Es gibt Dinge, die wachsen ruckzuck einfach so aus dem Boden heraus. Oder aus .. Alltags-Inselchen, werden, kaum sind die ersten Maschen angeschlagen oder das Schnittmuster auf dem Nähtisch ausgebreitet, nur noch ungern beiseite gelegt und in einem wahren Anfall von Feuereifer und Euphorie zu Ende gebracht. Ja, solche Dinge gibt es. Projekte, die einem einfach packen.
Nur leider tauchen sie nur sehr selten bei mir auf.
Ich bin so ein bisschen der zögerliche Typ. Ich lasse mich gerne beeindrucken vom kreativen Eifer und der manchmal fast unglaublichen Fantasie meiner Mit-Bloggerinnen und all den fantastischen Autorinnen, denen ich den riesenschweren Stapel Näh-und-Strick-und Bastelbücher verdanke, von dem ich mir gerade im Moment wieder Abend für Abend ein Exemplar herauspicke, um es vor dem Einschlafen noch ein wenig durch zu blättern. Manche lesen Krimis zu dem Zeitpunkt. Ich lese Näh-Anleitungen. (Gerade zum Beispiel das hier. Beeindruckend!)
Aber egal wie lange und umfangreich meine Wanna-do-Liste mittlerweile auch sein mag: Die Umsetzung verlangt noch immer, ganz genau wie schon vor 5 Jahren, als ich das Selbermachen wiederentdeckte, Zeit, Zeit und nochmals Zeit. Und zwar schon in der Reifephase, wenn die Idee in meinem Kopf herum geistert und erst einmal Fuss zu fassen versucht. Und das geht nicht nur neuen Projekten so, nein, auch Dinge, die ich schon einmal gemacht und mittlerweile liebgewonnen habe, brauchen ihre Anlauf-Zeit bis ich mich von neuem an sie wage. (Wobei wagen tatsächlich das absolut richtige Wort ist, denn ich kämpfe immer ein wenig gegen diese sonderbaren Versagens-Ängste an, die mir ihre Steine in den Weg legen…)

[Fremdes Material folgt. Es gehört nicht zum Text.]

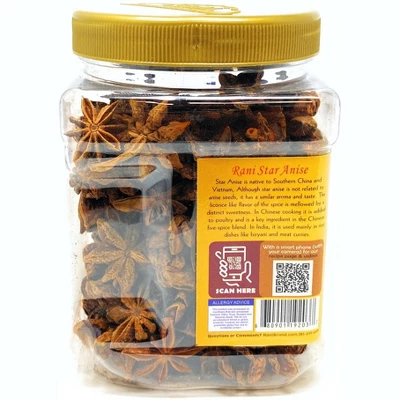 Authentic Indian Spices Star Anise is native to Southern China and Vietnam. Although not related to anise seeds, it has a similar aroma and taste. The licorice like flavor of the spice is mellowed by a distinct sweetness. In Chinese cooking it is added to poultry and is a key ingredient in the Chinese five-spice blend. In India, it is used mainly in rice dishes like biryani and meat curries. Star anise is either used as a whole or in grounded form.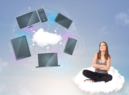 Pretty young girl sitting on cloud enjoying cloud network service

So ging es auch meiner Shalom Nummer 2. Ganz genau so. Nach meiner braunen, dicken Ärmel-Version wusste ich, dass es eine zweite Shalom geben würde. Ich kaufte Wolle dafür ein, ein paar Knäuel „Andes“ von Drops in hellgraulila, nahm mir in meiner Jahres-Liste fest vor, es auch tatsächlich zu verstricken, sah mir die Strick-Anleitung nochmals durch… und wendete mich dann anderem zu. Ziemlich viel anderem.
Manche Dinge müssen einfach reifen.

Aber irgendwann hielt ich den Anblick dieses lilafarbenen Stapel Wollknäuel in meiner kleinen Ecke nicht mehr aus, ohne dieses verdächtige Ruckeln und Zuckeln in den Fingern zu spüren …


Die lila Shalom kam ins Rollen. Buchstäblich. Ich strickte hier ein wenig, dort ein wenig, liess ein, zwei Mal ein paar Reihen auf … und naja, irgenwann war sie einfach da.


Meine Shalom Nr.2. In fliederlila. Ganz wunderbar frühlingshaft und einfach… zum besten Zeitpunkt, den sie sich hätte wählen können!
Der Frühlings ist nämlich bisweilen doch noch ordentlich kühl und meine Schultern sehnen sich nach einer warmen, leichten Schicht Wolle, die sie mollig warm hält, ohne mich gleich von Kopf bis Fuss dick einzuhüllen.


Und nicht nur das; mein Babybäuchlein wächst auch so langsam aber sicher aus meinen normalen Sachen heraus. Wortwörtlich. *lächel


Schön, wenn auch Dinge, die reifen sollen, irgendwann vollendet werden.
Noch schöner, wenn sie genau dann fertig werden, wenn sie wirklich gebraucht und mit offenen Armen und einem Lächeln empfangen werden.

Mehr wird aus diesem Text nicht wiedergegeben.